What you are asked to do: Once you find the line below that has "2024全新合伙协议合同样例篇1", output it and every line after it exactly, stopping after the line that has "기쁨을 함께 나누게 됐다.", with no pictures.

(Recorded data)
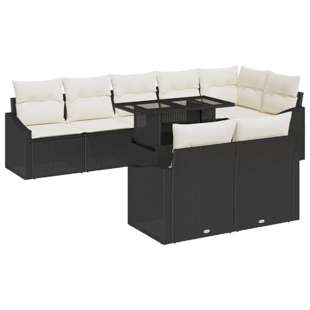 Ta 9-delni set vrtnega kavča prinaša stilsko zunanjo izkušnjo, narejen iz trpežnega ratana in mehkega poliestra, kar ustvarja prijeten in udoben prostor. Odlično je za druženja na vrtu, balkonu ali patio, ta sekcijski kavč omogoča prostorno postavitev, kar nudi prijetno vzdušje za sprostitev in smeh zunaj.
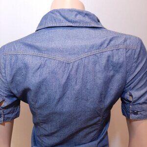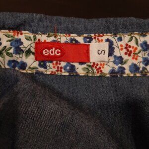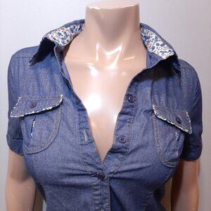 EDC Esprit Denim Shirt Button Down Short Sleeve Floral Western Y2K
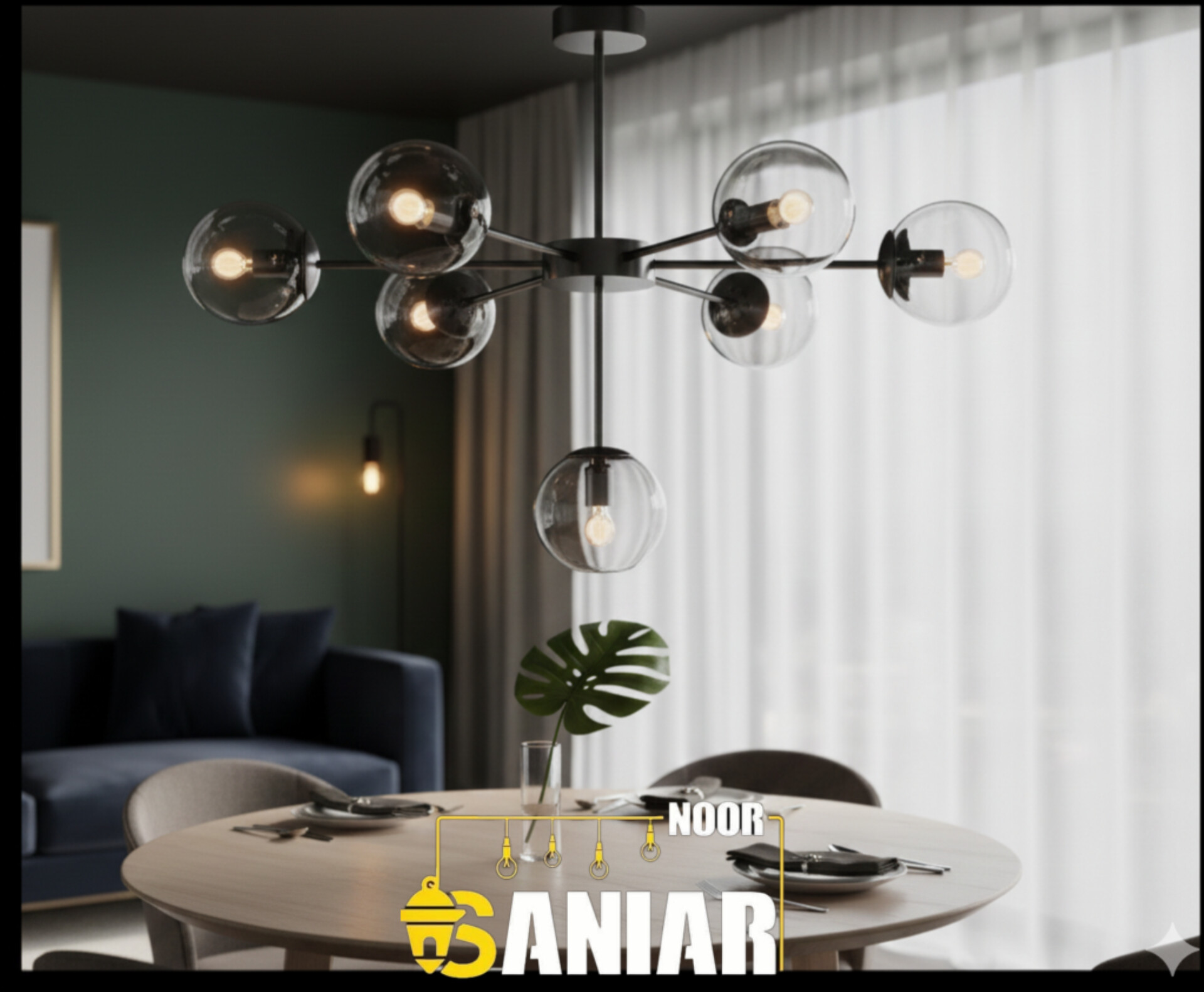 لوستر مولکولی فلزی مشکی ۸ شعله
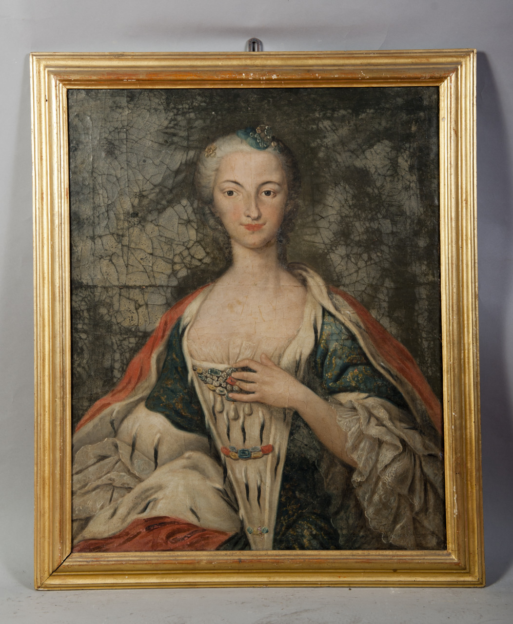Ritratto femminile a 1/2 figura, testa di fronte con acconciatura impreziosita da monili di varia foggia. Indossa un vestito probabilmente azzurro o verde con ricami in oro, inserti di pelliccia di ermellino e guarnito di altri preziosi con perle a goccia. Sulle spalle porta il manto rosso foderato anch'esso di ermellino. Tiene la mano sinistra all'altezza del petto. Cornice di legno dorato con alcune cadute della doratura
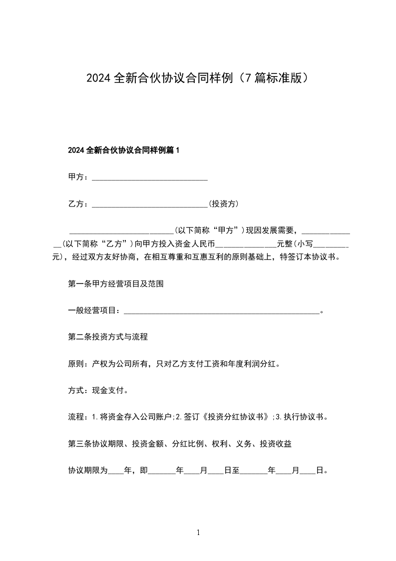 2024全新合伙协议合同样例篇1
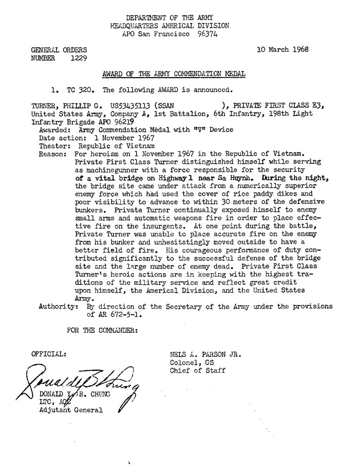 | Turner | Phillip | G | PFC | ACM w/V | A/1/6 | 1-Nov-67 | AD-68-1229 | |
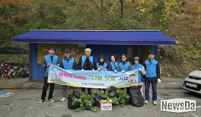 ‘행복이 자라는 나눔 텃밭’은 산본가야2차 아파트 단지 내 유휴 부지(약 140㎡)를 주택관리공단으로부터 제공받아, 협의체 위원들이 직접 다양한 농작물을 재배하고 수확하여 어려운 이웃과 나누는 수리동만의 특화사업이다. 올해는 8월에 가을무 모종을 심어 정성껏 가꾸어왔으며 풍성한 수확의 기쁨을 함께 나누게 됐다.
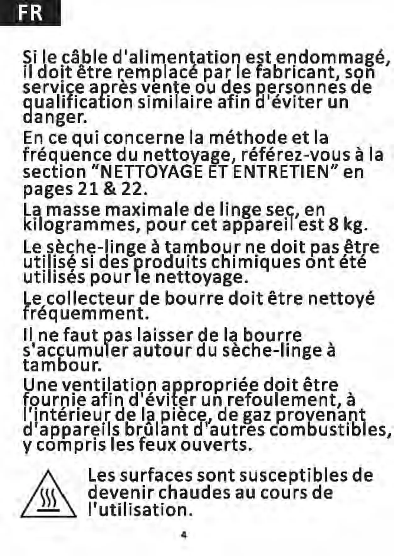 Si le câble d'alimentation est endommagé, il doit être remplacé par le fabricant, son service a~rès vente ou des P,ersonnes de Qualification si mi lai re afin Cl 'éviter un danger. En ce qui concerne la méthode et la fréquence du nettoyage, référez-vous à la section "NETTOYAGE ET ENTRETIEN'' en pages 21 & 22. La masse maximale de linge sec, en kilogrammes, pour cet appareil est 8 kg. Le sèche-linge à tambour ne doit pas être utilisé si des produits chimiques ont été utilisés pour le nettoyage. Le collecteur de bourre doit être nettoyé fréquemment. Il ne faut pas laisser de la bourre s'accumuler autour du sèche-linge à tambour. Une ventilation appropriée doit être fournie afin d'éviter un refoulement, à l'intérieur de la pièce,1 de gaz provenant d ra ppa reils brûla nt d autres combustibles, y compris les feux ouverts. Les surfaces sont susceptibles de devenir chaudes au cours de "----~ l'utilisation.
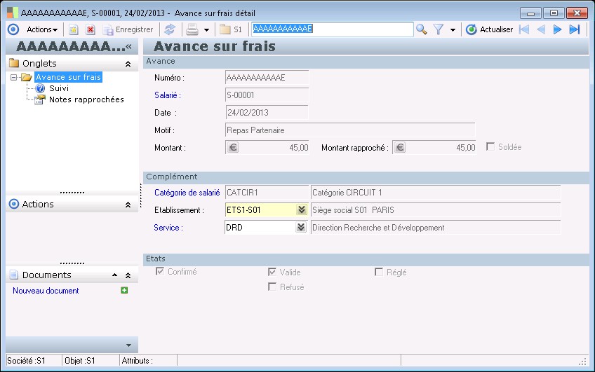 Exemple : Un salarié dispose d'une avance de 200 euros. Une note de frais de 50 euros saisie sur ce même salarié a été comptabilisée.

Task result:
 2024全新合伙协议合同样例篇1
 | Turner | Phillip | G | PFC | ACM w/V | A/1/6 | 1-Nov-67 | AD-68-1229 | |
 ‘행복이 자라는 나눔 텃밭’은 산본가야2차 아파트 단지 내 유휴 부지(약 140㎡)를 주택관리공단으로부터 제공받아, 협의체 위원들이 직접 다양한 농작물을 재배하고 수확하여 어려운 이웃과 나누는 수리동만의 특화사업이다. 올해는 8월에 가을무 모종을 심어 정성껏 가꾸어왔으며 풍성한 수확의 기쁨을 함께 나누게 됐다.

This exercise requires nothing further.